• Work instruction
Among the entries below, only the lines from the one with "1、准备一块大豆腐切成块,木" through the one with "Filters designed using" are wanted, reproduced exactly. Pictures are not wanted.

[[ Material provided open ]]

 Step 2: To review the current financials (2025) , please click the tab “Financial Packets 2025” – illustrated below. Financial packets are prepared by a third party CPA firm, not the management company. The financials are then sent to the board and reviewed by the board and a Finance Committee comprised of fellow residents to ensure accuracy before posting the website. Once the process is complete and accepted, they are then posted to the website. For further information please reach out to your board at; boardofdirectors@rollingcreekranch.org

[[ Material provided closed ]]
[[ Material provided open ]]

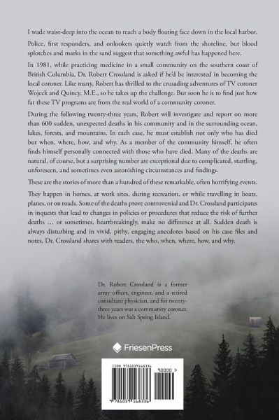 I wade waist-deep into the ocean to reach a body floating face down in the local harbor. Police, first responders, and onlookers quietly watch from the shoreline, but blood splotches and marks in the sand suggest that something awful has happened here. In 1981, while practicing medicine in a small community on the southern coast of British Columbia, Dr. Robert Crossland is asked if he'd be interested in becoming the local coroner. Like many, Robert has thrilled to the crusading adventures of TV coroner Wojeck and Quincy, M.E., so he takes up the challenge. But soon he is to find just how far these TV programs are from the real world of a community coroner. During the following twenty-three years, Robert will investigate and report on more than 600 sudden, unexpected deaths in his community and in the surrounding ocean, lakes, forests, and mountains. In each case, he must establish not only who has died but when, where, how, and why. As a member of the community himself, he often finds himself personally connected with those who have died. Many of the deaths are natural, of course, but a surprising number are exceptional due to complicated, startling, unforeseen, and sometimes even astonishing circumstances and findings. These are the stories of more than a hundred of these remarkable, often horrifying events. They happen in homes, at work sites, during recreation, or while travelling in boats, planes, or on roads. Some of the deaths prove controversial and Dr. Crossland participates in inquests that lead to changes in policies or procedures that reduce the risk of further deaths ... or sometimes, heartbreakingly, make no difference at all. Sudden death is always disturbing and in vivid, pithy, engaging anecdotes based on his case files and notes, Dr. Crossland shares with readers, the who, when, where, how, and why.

[[ Material provided closed ]]
[[ Material provided open ]]

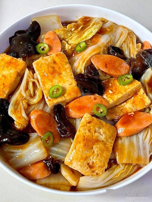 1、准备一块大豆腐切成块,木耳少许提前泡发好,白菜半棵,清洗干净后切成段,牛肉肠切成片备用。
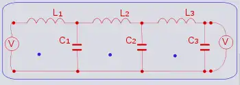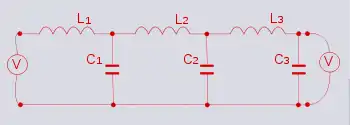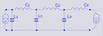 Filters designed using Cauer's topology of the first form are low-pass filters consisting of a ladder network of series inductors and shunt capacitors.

[[ Material provided closed ]]

• Answer to this exercise
 1、准备一块大豆腐切成块,木耳少许提前泡发好,白菜半棵,清洗干净后切成段,牛肉肠切成片备用。
 Filters designed using Cauer's topology of the first form are low-pass filters consisting of a ladder network of series inductors and shunt capacitors.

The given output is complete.